• _Aim of the exercise_:
Word for word, restate the listing; omit the pictures.

• _Supplied information_:

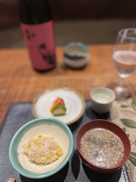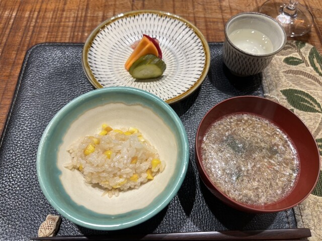 〆のご飯はとうもろこし。2杯目は味変でチャーハン風にしてくれてこれがまた美味しい。
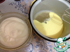 Желтки разотрите с сахаром. Белки взбиваем в пену и отставляем.
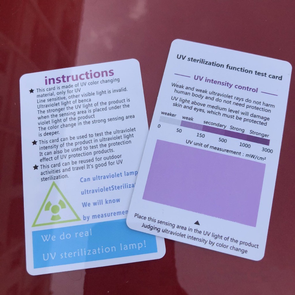 Hard Plastic Card UV / UVA / UVB Test English Version (UV Light Test PVC Plastic Card / UV Test Sunscreen)
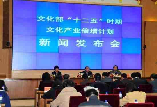 2月28日下午,,,文化部在京召开新闻发布会,,,,正式向社会发布《文化部“十二五”时期文化产业倍增计划》,,,提出了 “十二五”期间文化部门管理的文化产业增加值年平均现价增长速度高于20%,,,,2015年比2010年至少翻一番,,实现倍增的奋斗目标。。
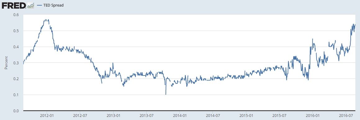 TED spread, which can be seen as the premium for additional risks over risk-free rate, is currently at the highest level since 2012 when the U.S. government came closest to a technical default.
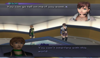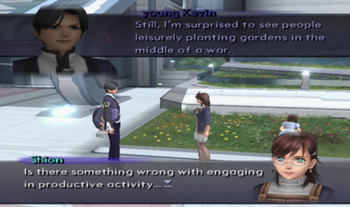 This scene is kind of incidentally important. If you haven’t noticed yet, Shion has Kevin blinders: she basically transforms into a mewling kitten every time he shows up in flashbacks or even gets mentioned in the present. Not that I blame her, mind you, I’m all about romanticizing dead (kinda) loved ones. Here, even if it’s just a jerkass teenage Kevin, Shion is taking her first steps to acknowledging that Kevin is this jerkass just as much as he’s eventually the mature, genocidal adult she fell in love with. Also, don’t diss gardening around Shion.
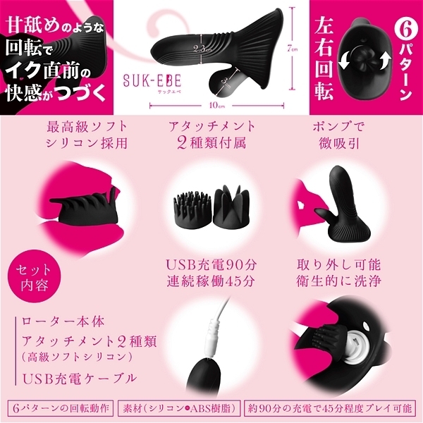 【セット内容】ローター本体/アタッチメント(高級ソフトシリコン)/USB充電ケーブル。
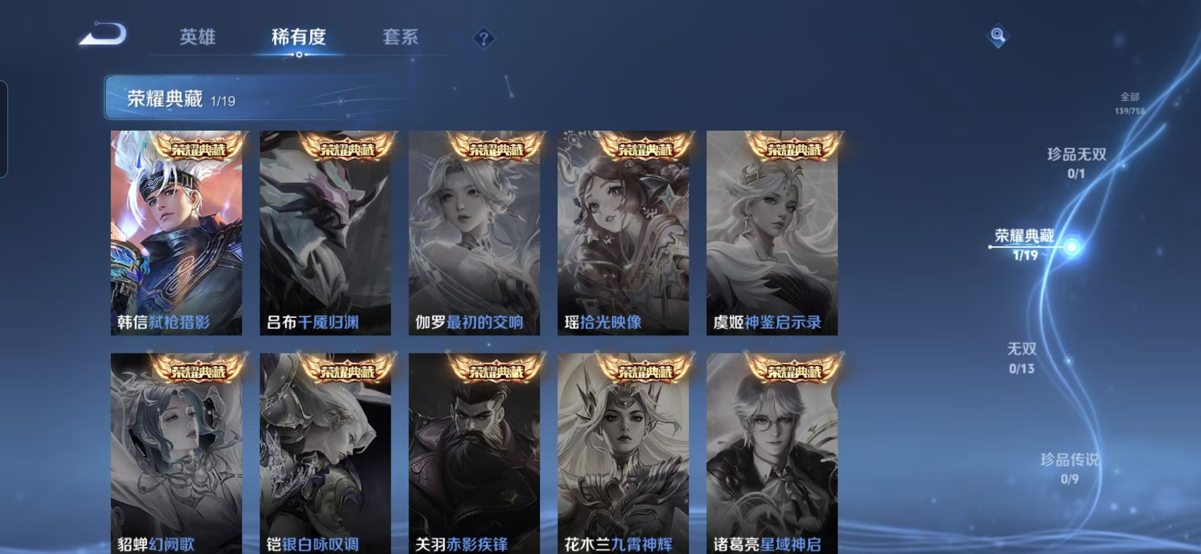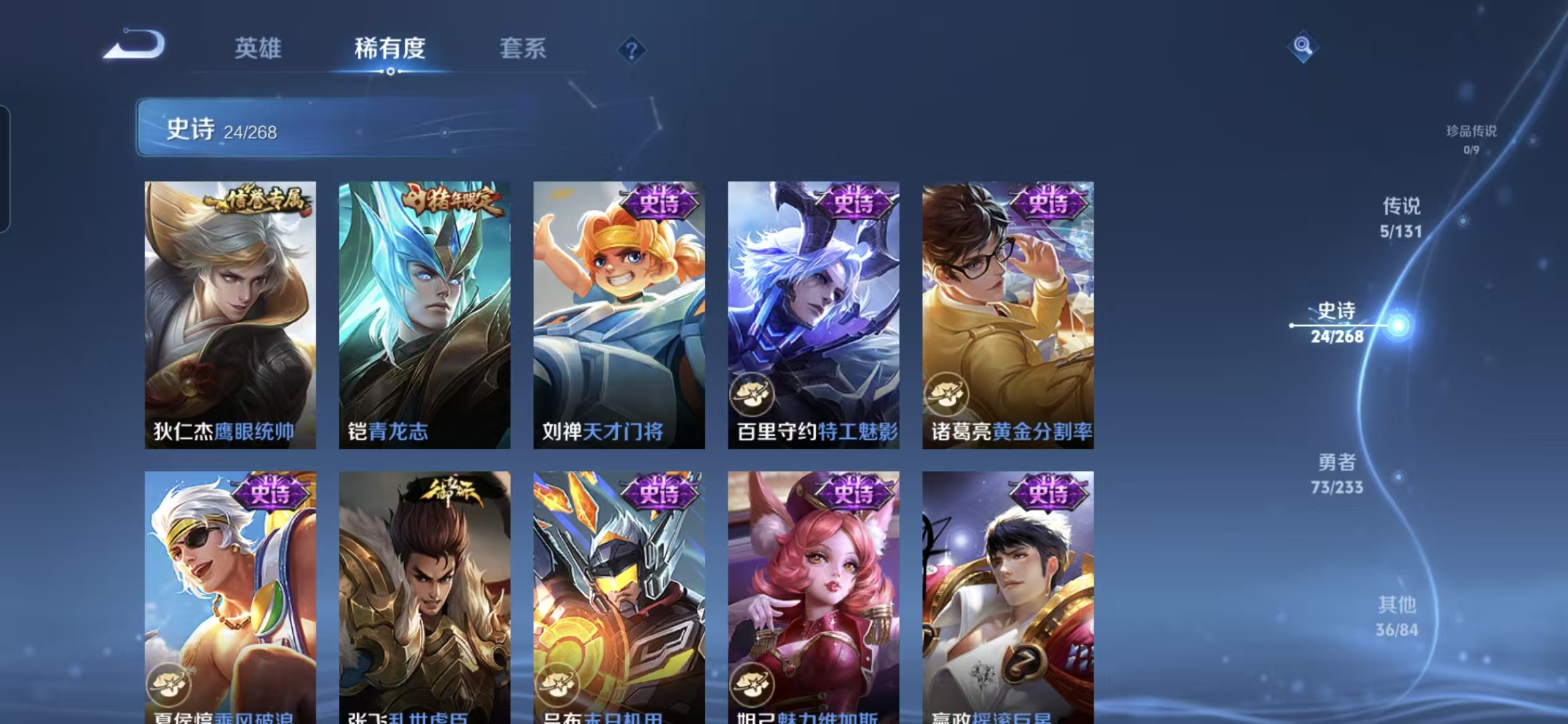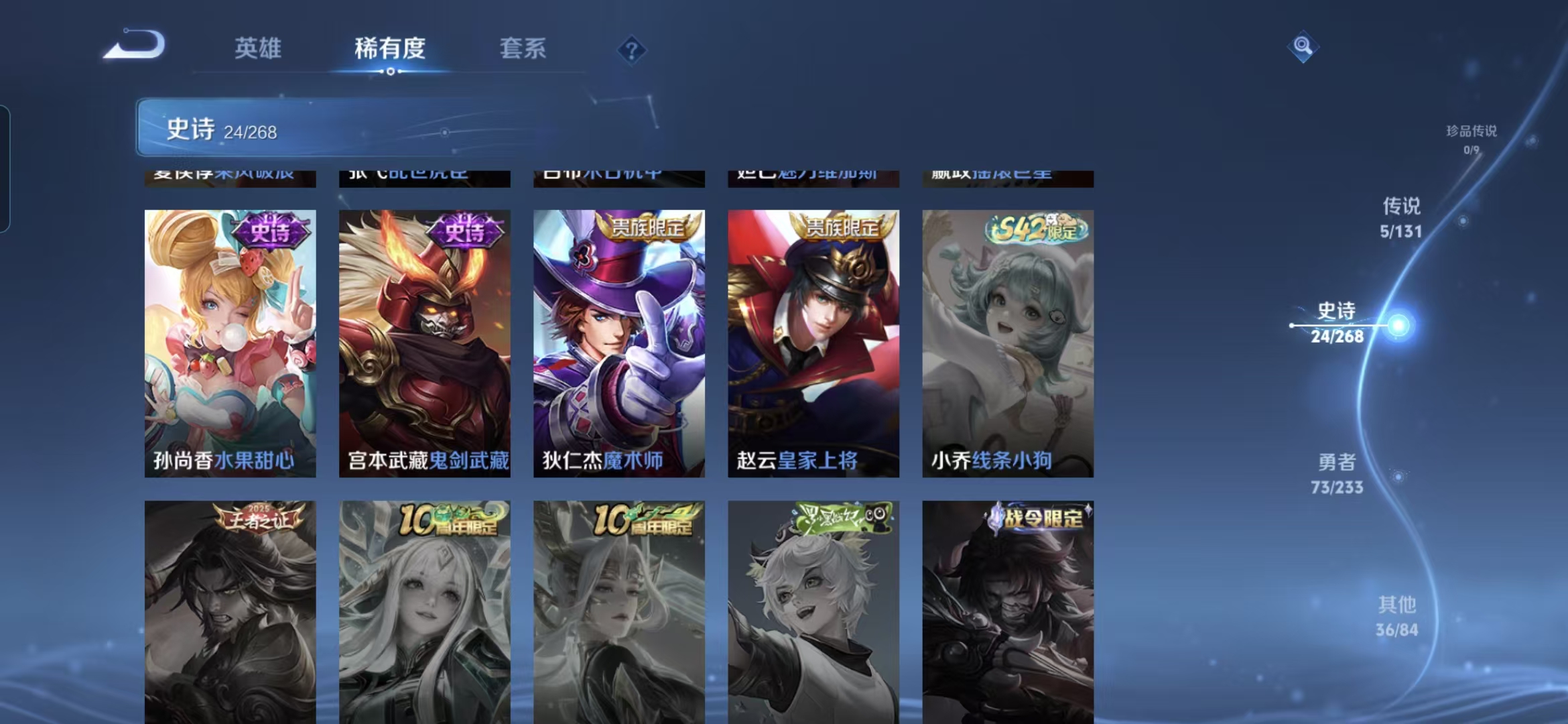 贵族等级:v6皮肤数:139传说品质5 生肖限定1 荣耀典藏1 英雄数:126
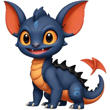 Cute adorable Stitch-Litten-Salandit-Noibat-Toothless-fusion, full body emoji
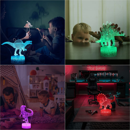 EXOOHOUO 3D Dinosaur Night Light, Dino Lamp for Boys, 4 Pcs Hologram Illusion Dinosaurs Touch Lamp with 16 Color Changing & Remote Dinosaur Gifts for Boy Girl Teen Birthday Bedroom
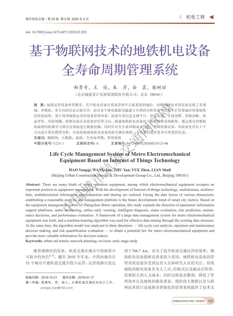 基于物联网技术的地铁机电设备全寿命周期管理系统
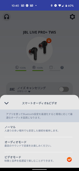 専用アプリのホーム画面にならぶ「スマートオーディオ&ビデオ」の中に、動画再生時の音声とのずれを解消する「ビデオモード」が搭載されています。YouTubeやその他の動画サービスを楽しむ際に、ビデオモードを選んでおけば口もとの動きに音声がピタリと合います。
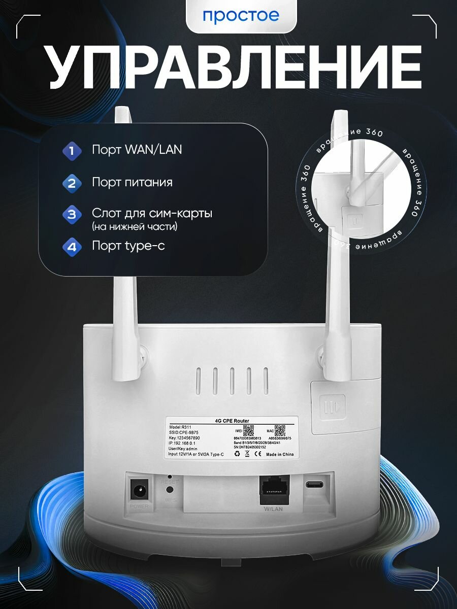 Роутер wifi с сим картой 4G (LTE)/5G R311 интересное:
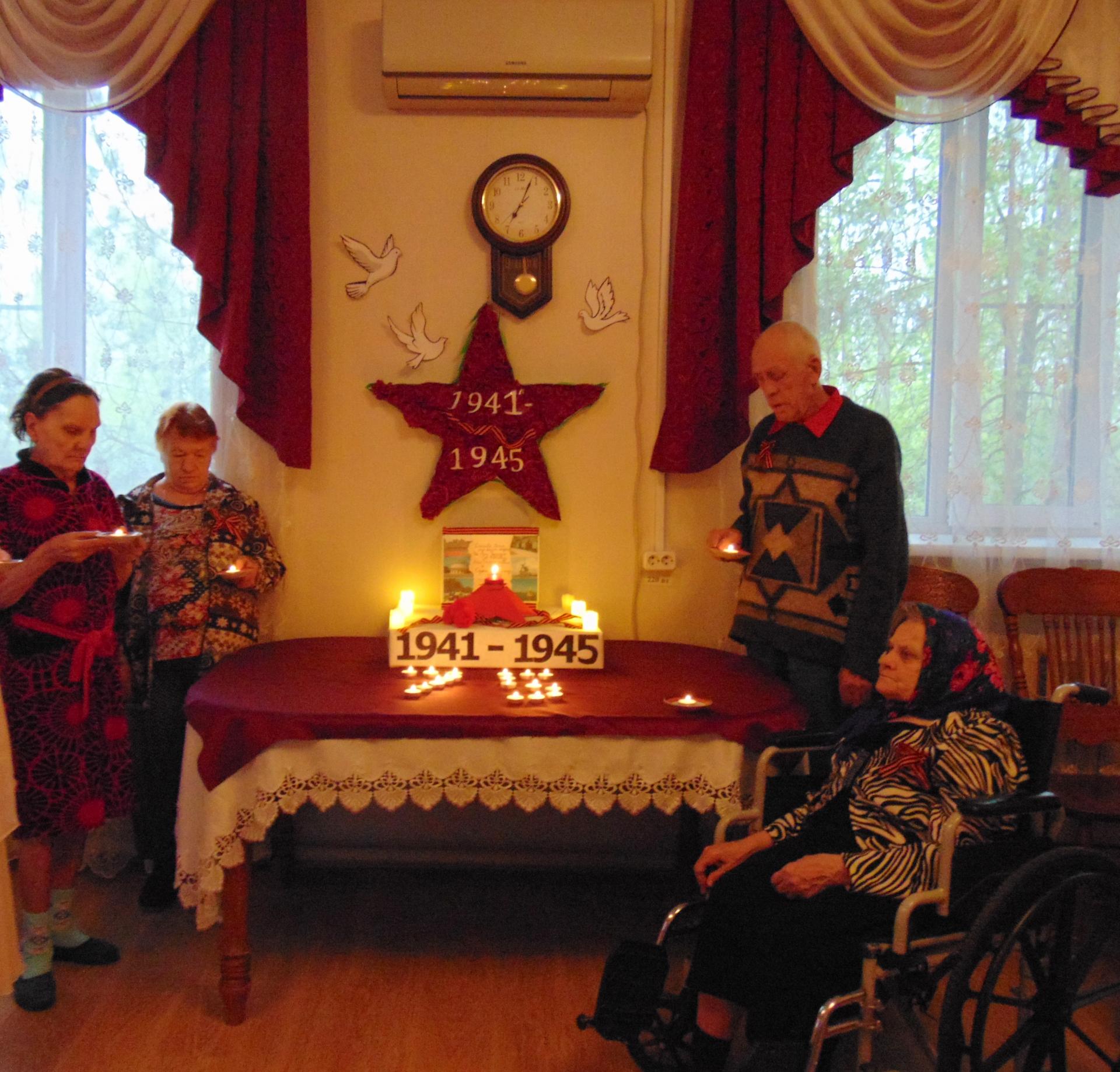 Вечером в 19:00 мск проживающие почтили светлую память  погибших  минутой молчания и зажгли свечи -  в память  об ушедших героях, чей бессмертный подвиг никогда не будет забыт.

• _Written answer_:
 〆のご飯はとうもろこし。2杯目は味変でチャーハン風にしてくれてこれがまた美味しい。
 Желтки разотрите с сахаром. Белки взбиваем в пену и отставляем.
 Hard Plastic Card UV / UVA / UVB Test English Version (UV Light Test PVC Plastic Card / UV Test Sunscreen)
 2月28日下午,,,文化部在京召开新闻发布会,,,,正式向社会发布《文化部“十二五”时期文化产业倍增计划》,,,提出了 “十二五”期间文化部门管理的文化产业增加值年平均现价增长速度高于20%,,,,2015年比2010年至少翻一番,,实现倍增的奋斗目标。。
 TED spread, which can be seen as the premium for additional risks over risk-free rate, is currently at the highest level since 2012 when the U.S. government came closest to a technical default.
 This scene is kind of incidentally important. If you haven’t noticed yet, Shion has Kevin blinders: she basically transforms into a mewling kitten every time he shows up in flashbacks or even gets mentioned in the present. Not that I blame her, mind you, I’m all about romanticizing dead (kinda) loved ones. Here, even if it’s just a jerkass teenage Kevin, Shion is taking her first steps to acknowledging that Kevin is this jerkass just as much as he’s eventually the mature, genocidal adult she fell in love with. Also, don’t diss gardening around Shion.
 【セット内容】ローター本体/アタッチメント(高級ソフトシリコン)/USB充電ケーブル。
 贵族等级:v6皮肤数:139传说品质5 生肖限定1 荣耀典藏1 英雄数:126
 Cute adorable Stitch-Litten-Salandit-Noibat-Toothless-fusion, full body emoji
 EXOOHOUO 3D Dinosaur Night Light, Dino Lamp for Boys, 4 Pcs Hologram Illusion Dinosaurs Touch Lamp with 16 Color Changing & Remote Dinosaur Gifts for Boy Girl Teen Birthday Bedroom
 基于物联网技术的地铁机电设备全寿命周期管理系统
 専用アプリのホーム画面にならぶ「スマートオーディオ&ビデオ」の中に、動画再生時の音声とのずれを解消する「ビデオモード」が搭載されています。YouTubeやその他の動画サービスを楽しむ際に、ビデオモードを選んでおけば口もとの動きに音声がピタリと合います。
 Роутер wifi с сим картой 4G (LTE)/5G R311 интересное:
 Вечером в 19:00 мск проживающие почтили светлую память  погибших  минутой молчания и зажгли свечи -  в память  об ушедших героях, чей бессмертный подвиг никогда не будет забыт.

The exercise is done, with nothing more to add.